## [The problem]
No pictures belong in the copy. Retype exactly, and only, the stretch of lines below from the one with "Miejsce pracy w" through the one with "Lydreewam Bracciale Sorella".

## [Provided data]
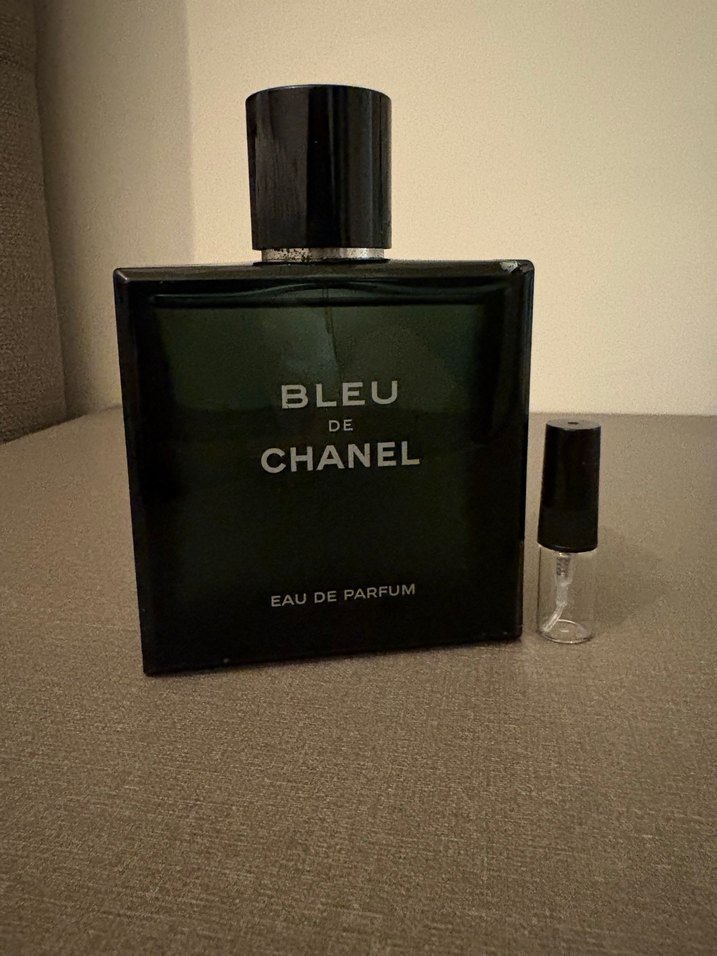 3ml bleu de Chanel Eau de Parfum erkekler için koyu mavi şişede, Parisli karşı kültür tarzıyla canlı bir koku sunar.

==

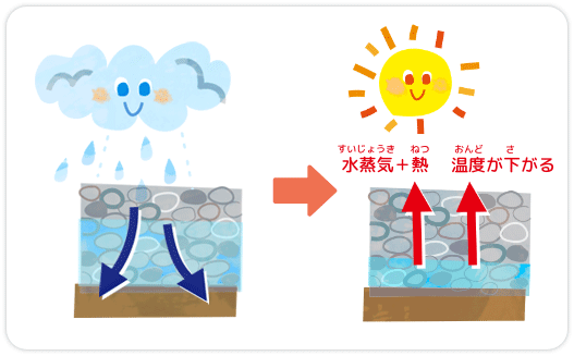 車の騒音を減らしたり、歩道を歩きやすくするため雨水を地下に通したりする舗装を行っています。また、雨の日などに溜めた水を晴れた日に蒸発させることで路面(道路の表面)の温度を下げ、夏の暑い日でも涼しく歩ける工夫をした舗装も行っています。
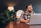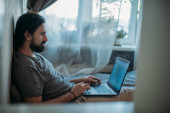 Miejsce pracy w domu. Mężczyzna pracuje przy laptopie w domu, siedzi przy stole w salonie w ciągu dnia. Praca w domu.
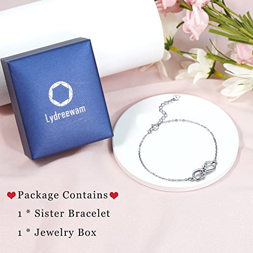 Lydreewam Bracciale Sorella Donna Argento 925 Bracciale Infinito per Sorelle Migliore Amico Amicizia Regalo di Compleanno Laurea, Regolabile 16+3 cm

...

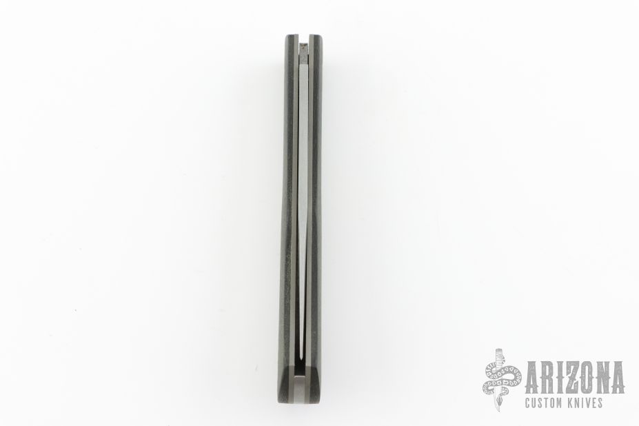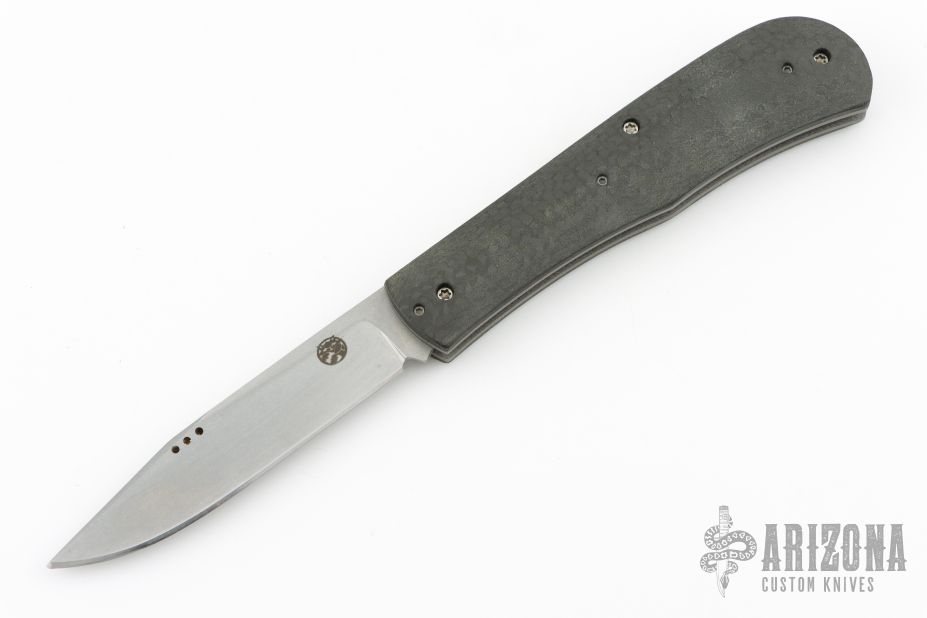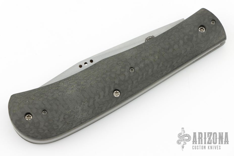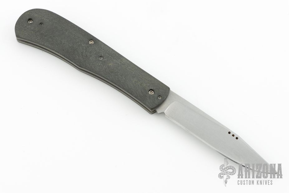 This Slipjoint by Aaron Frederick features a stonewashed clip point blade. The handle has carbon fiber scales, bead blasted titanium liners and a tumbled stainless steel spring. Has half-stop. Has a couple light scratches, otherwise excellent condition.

## [Exercise output]
 Miejsce pracy w domu. Mężczyzna pracuje przy laptopie w domu, siedzi przy stole w salonie w ciągu dnia. Praca w domu.
 Lydreewam Bracciale Sorella Donna Argento 925 Bracciale Infinito per Sorelle Migliore Amico Amicizia Regalo di Compleanno Laurea, Regolabile 16+3 cm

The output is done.